### Exercise aim
Extract every line below that contains the word "Mountain".

[Data entries]
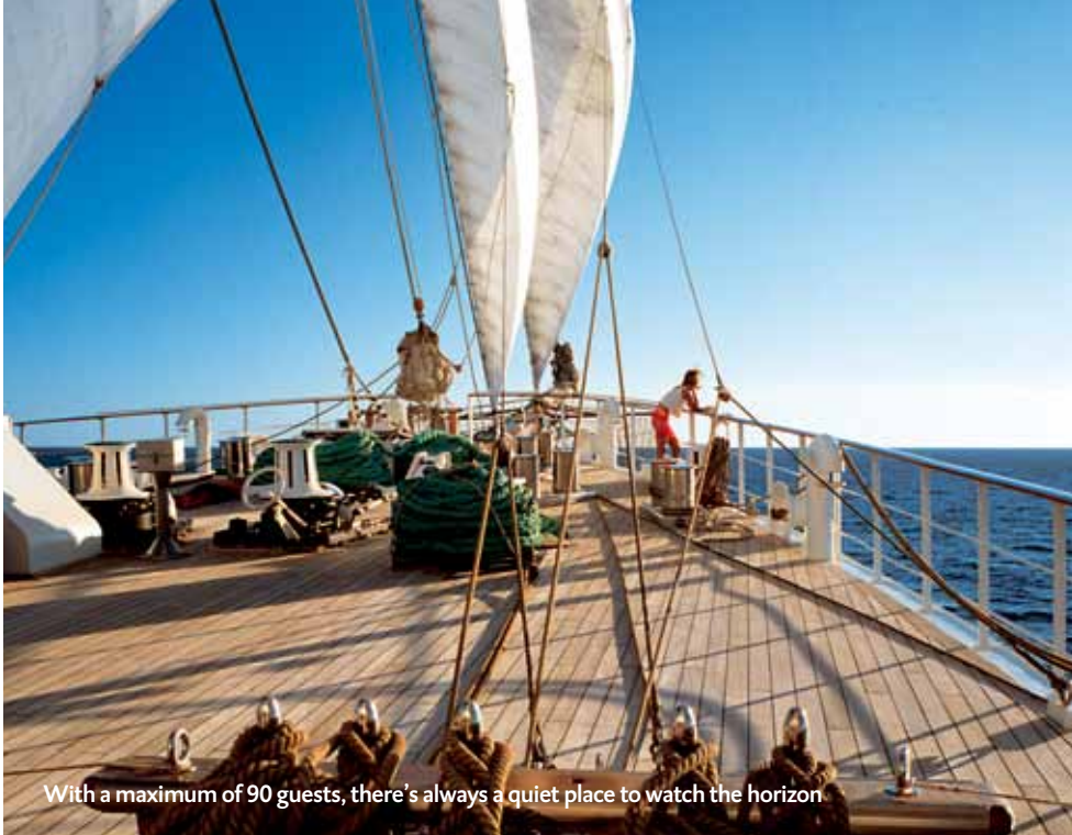
With a maximum of 90 guests, there's always a quiet place to watch the horizon

Inside, she's every bit as elegant and simple. A gracious dining room is lined with windows for a panoramic view. A top deck
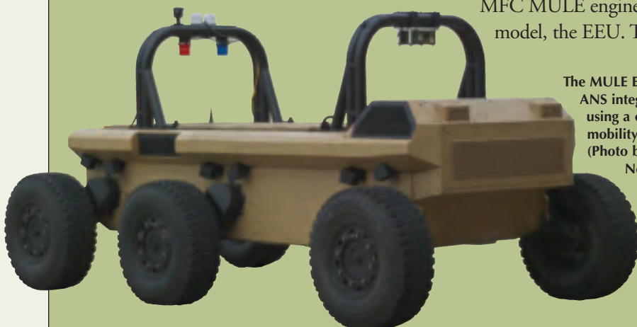
The MULE EEU conducts ANS integration testing using a common mobility platform.

This means that early in the product development cycle we understand what data is available and how it is tied to vehicle performance. This allows the Army to better project when parts will fail, further reducing Soldier sustainment burdens due to a greatly reduced logistics train. It also will result in a lower life-cycle cost for spares for the MULE in the future.
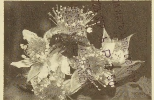
An Osmia aglaia female pollinates a black raspberry flower.

Bumble bees are some of our most efficient crop pollinators. When forage is available early in the growing season (like willow, red bud, maple, or manzanita), freshly emerged, overwintering bumble bee queens are more successful in establishing their colonies. Also, some solitary bees produce multiple generations each year, so reproductive success in the spring and early summer can lead to larger populations in the mid- to late-summer, when many fruits and vegetables are in bloom.
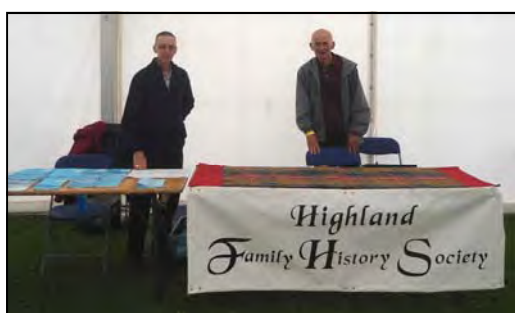
Highland Family History Society
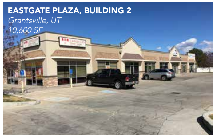
EASTGATE PLAZA, BUILDING 2 Grantsville, UT 10,600 SF
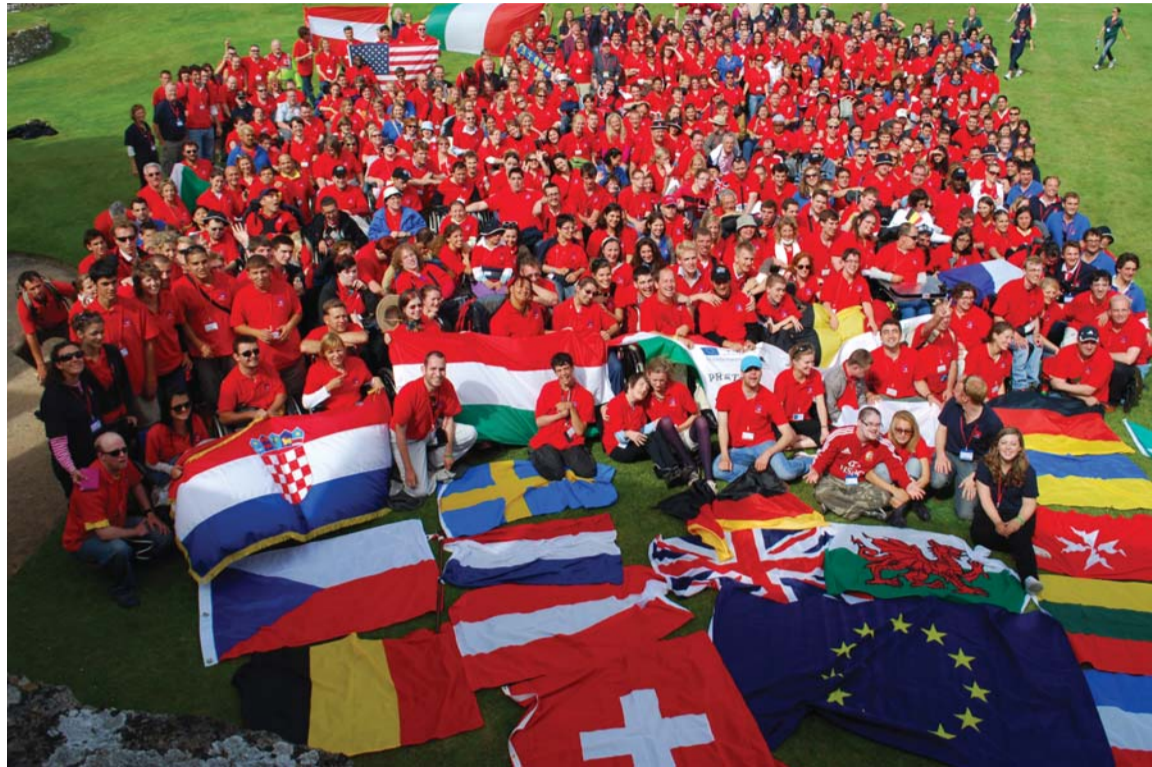
The happy Summer Camp for Young Disabled gather at Pembroke Castle, Wales
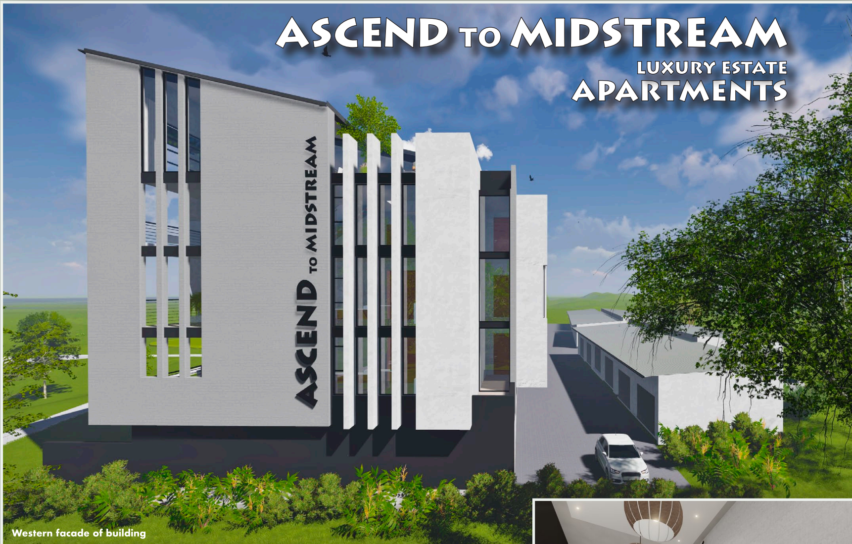
Western facade of building

It combines the freedom, outdoor lifestyle, security and space of estate living with the convenience, luxury, easy-living and lock-up-and-go lifestyle of luxury apartment living.
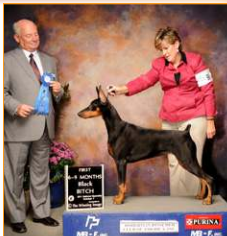
Bitch - 6-9 Mos. BLK Kerwynd's Country Breeze S Kershaw
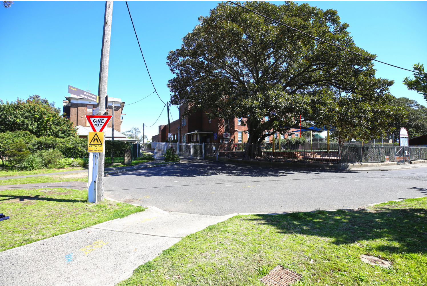
PHOTO - EXISTING
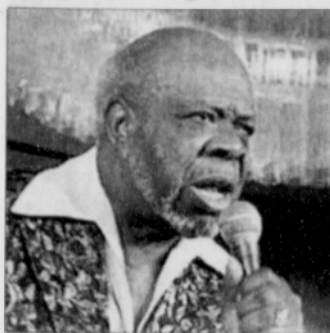
R&B star Rufus Thomas died at age 84 in December 2001, shortly after "Only the Strong Survive" was completed.
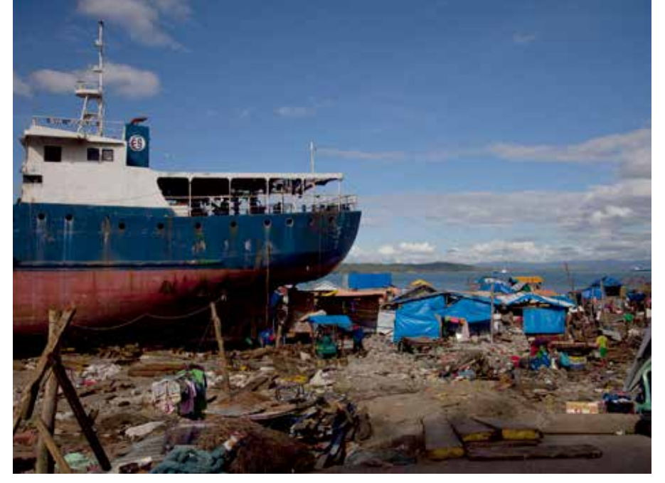
CRS has helped communities who lived in vulnerable coastal locations, like this one in Tacloban City, resettle in safe areas.
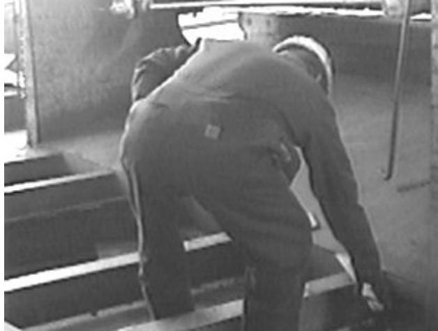
Figure 9. Shear Operator Lifting Pieces at Back of Shear
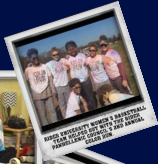
RIDER UNIVERSITY WOMEN'S BASKETBALL TEAM HELPED OUT WITH THE RIDER PANHELLENIC COUNCIL'S 2ND ANNUAL COLOR RUN.
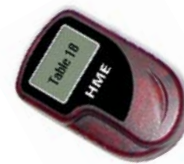
Alpha Numeric Pager
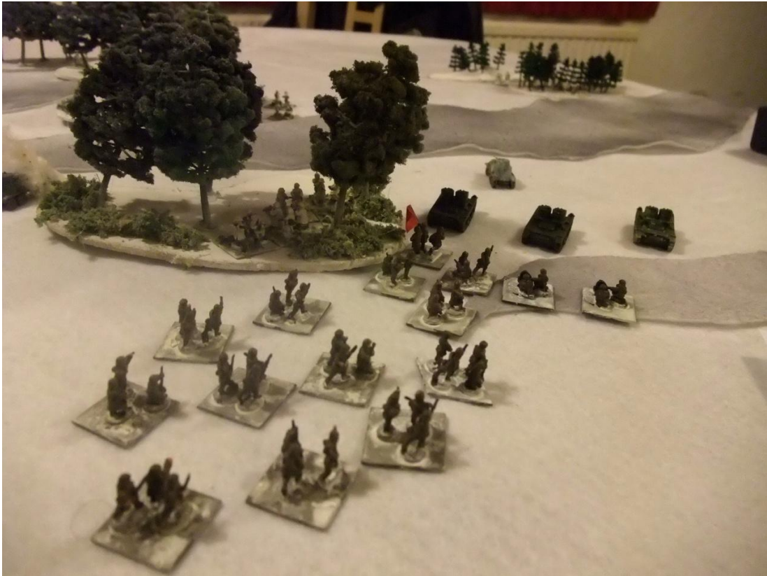
Russian Battlegroup 3 start their flanking move – oblivious of the Finns in the trees.
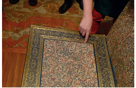
Condition checking at Sandringham
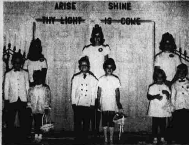
Those crowned as G. A. Queens and receiving scepter were as shown above with their attendants: (Left to Right)
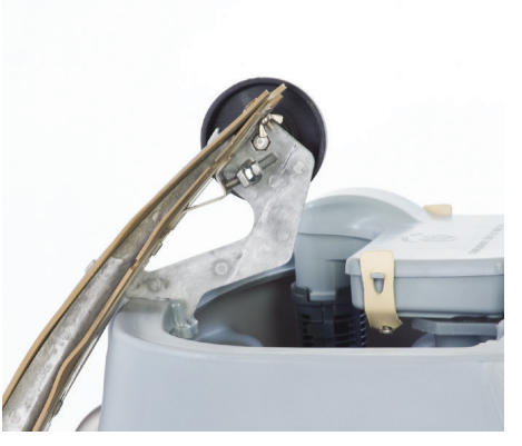
Built-in squeegee hanging system on recovery tank for easy machine transfer in narrow areas
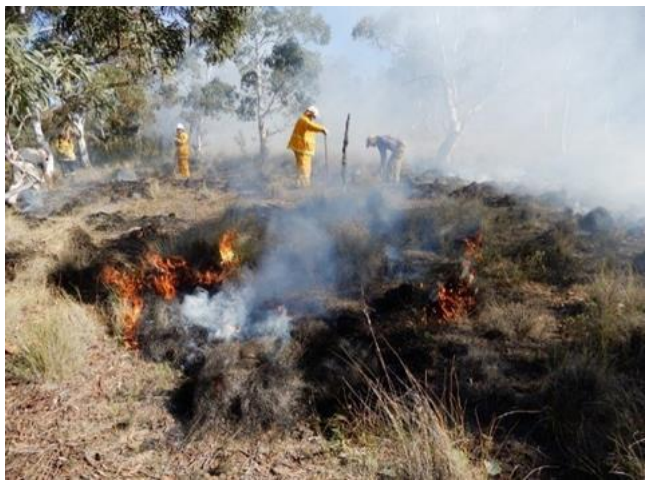
Upper Shoalhaven Landcare's Healing Country and Community with Good Fire Practices

Read these inspiring stories on how our communities are taking action now: <a href="https://bit.ly/3eZnSys">https://bit.ly/3eZnSys</a>
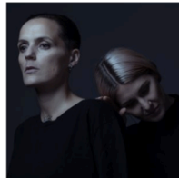
Commissioned Work Evvol: Human Resonance
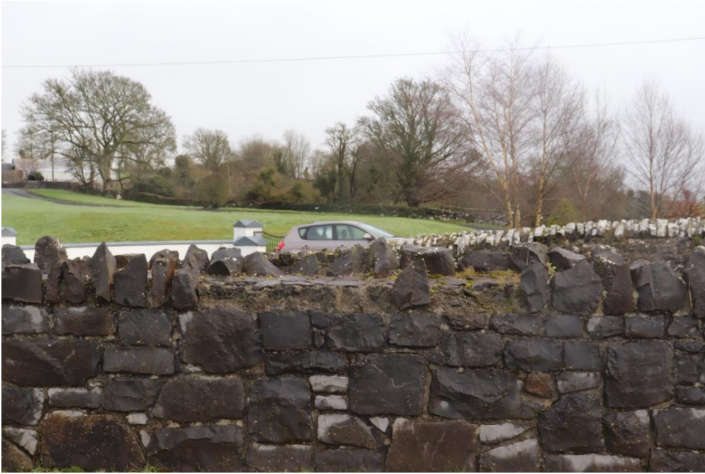
Figure 17 - Loss of Masonry Facing
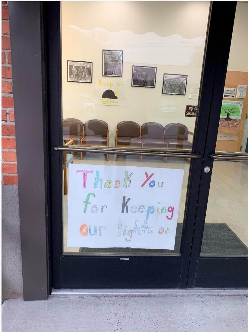
Photo: Stone Mountain Health Services Black Lung Clinic St. Charles, VA
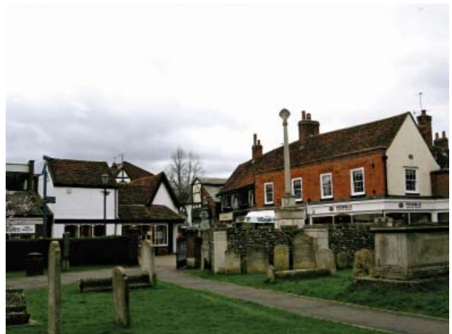
View from the churchyard towards the Market Place
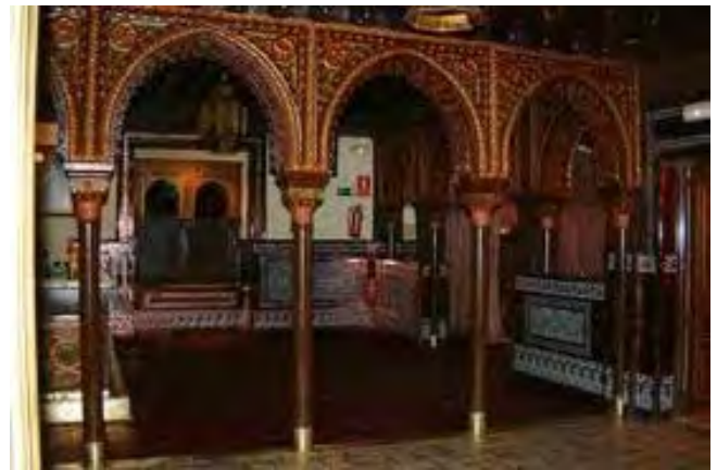
Discotheque Villa Rosa
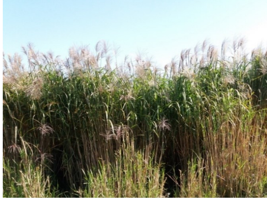
Figure 1. Miscanthus x giganteus at the Futura faculty field

Various literature references mention the use of lignocellulosic plant species in construction materials as constructional, non-constructional or thermal insulation materials, which indicates possibilities for the use of miscanthus for similar purposes [7-14]. Another reason is the growing demand for environmentally friendly building materials imposing. Reinforcement of building materials with natural fibers was reported in the 1990s [29]. It was shown that fibers originating from agriculture, with a lignocellulosic composition like miscanthus, can be used alone or to strengthen materials of different origins (earth materials and cement composites) [9]. The advantages of natural fibers are their wide distribution in the environment, satisfactory physical and mechanical performances [10], as well as possibilities for production from renewable sources or waste biomass. Based on the specific properties of these materials, primarily low density, and compressive strength, they can be compared to materials based on artificial fibers [11].
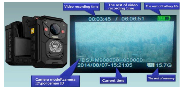
Display screen Description
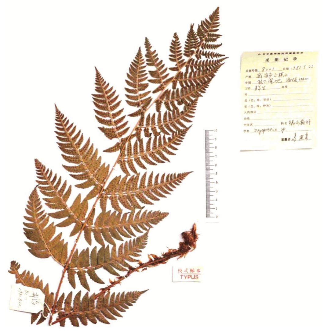
Fig. 1. A branch of Dryopteris lijianxiuii X. J. Li

Type specimen : China, Shandong Province, Weihai City, Zhengqishan Mountain, wet habitat, 37°33'34.73"N, 122°19'10.36"E, 370 - 500 m a. s. l., 22 August 1982, J. X. Li 822-1 (Holotype: PE, Isotype: SDCM). Fig. 1.

### Solution for this task
Photo: Stone Mountain Health Services Black Lung Clinic St. Charles, VA
Type specimen : China, Shandong Province, Weihai City, Zhengqishan Mountain, wet habitat, 37°33'34.73"N, 122°19'10.36"E, 370 - 500 m a. s. l., 22 August 1982, J. X. Li 822-1 (Holotype: PE, Isotype: SDCM). Fig. 1.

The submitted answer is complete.